Harald Could you please share a screenshot of your Project Settings - Player settings? You could have a try whether using the IL2CPP scripting backend improves the situation.
Certainly! (Sorry the image is so long, the spoiler tag doesn't shorten the empty space the image takes up on these forums, or I'd have hidden it in a spoiler.)
After setting our scripting backend to IL2CPP (which I thought I already did, but must've done only for iOS), as well as disabling the outline shader effect, we get... an unstable 30 FPS still with all three skeletons (though it might be more stable than without IL2CPP). Most of the time here is still being spent waiting for the GPU in the script as far as I can tell (Gfx.WaitForPresentOnGfxThread).
Some other testing has shown that using URP, with the default Spine URP Example 2D Scene from Spine, I only get about 15 FPS on the Android TV (while profiling), with most of the time being spent waiting for the GPU in the script (Gfx.WaitForPresentOnGfxThread).
After disabling all the point and directional lights in that scene I get around 57-59 FPS (while profiling) but with spikes down to 30 FPS, seemingly on a cyclical thing. Again these spikes seem to also be due to time being spent waiting for the GPU (Gfx.WaitForPresentOnGfxThread).
I'll report back here once I test all three skeletons rendering with URP next.

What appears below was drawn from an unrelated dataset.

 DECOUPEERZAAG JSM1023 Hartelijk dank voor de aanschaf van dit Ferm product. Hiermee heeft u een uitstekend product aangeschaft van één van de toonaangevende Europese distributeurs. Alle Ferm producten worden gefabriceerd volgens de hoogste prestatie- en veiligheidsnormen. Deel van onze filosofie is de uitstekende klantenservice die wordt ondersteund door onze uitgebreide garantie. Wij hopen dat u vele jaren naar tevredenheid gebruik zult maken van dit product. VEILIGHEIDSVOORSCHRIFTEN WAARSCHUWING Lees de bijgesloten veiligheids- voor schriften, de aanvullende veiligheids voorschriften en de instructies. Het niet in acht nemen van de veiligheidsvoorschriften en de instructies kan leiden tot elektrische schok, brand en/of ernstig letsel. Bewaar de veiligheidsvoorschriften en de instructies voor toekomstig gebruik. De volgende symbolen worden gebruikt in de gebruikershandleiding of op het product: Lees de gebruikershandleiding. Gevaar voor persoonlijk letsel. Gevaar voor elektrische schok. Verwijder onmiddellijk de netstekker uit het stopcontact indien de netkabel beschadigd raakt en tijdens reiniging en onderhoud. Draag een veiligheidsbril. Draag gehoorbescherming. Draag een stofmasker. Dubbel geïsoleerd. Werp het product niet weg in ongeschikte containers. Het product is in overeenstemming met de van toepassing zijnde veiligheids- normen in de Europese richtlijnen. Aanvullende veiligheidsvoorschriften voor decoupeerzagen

Edit: Welp. Trying URP with the three skeletons, Player, Opponent, and Crowd, is not boding well so far.
Using URP with the default Spine Skeleton shaders only gives us about 15 FPS now, whereas the default renderer with default shaders got us around 30 FPS (albeit unstably). Using URP with the Universal Render Pipeline/2D/Spine/Sprite
shader gives us a whopping 6 FPS π³ Then finally using URP with the Universal Render Pipeline/2D/Spine/SkeletonLit
shader gives us 10 FPS. GPU Instancing doesn't seem to make a difference here either.

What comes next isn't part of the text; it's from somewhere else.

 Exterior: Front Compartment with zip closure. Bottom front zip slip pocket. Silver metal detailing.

In all three of these tests there were no normal maps, emission maps, fragment shaders (outside of any you've used for your shaders in Spine's Unity Package), no light sources, etc. It was quite literally three skeletons, a camera, a global light 2d, and a single canvas with a single TextMeshPro on it to display the FPS averaged over the last 60 frames. About as simple of a scene as we could make for this test.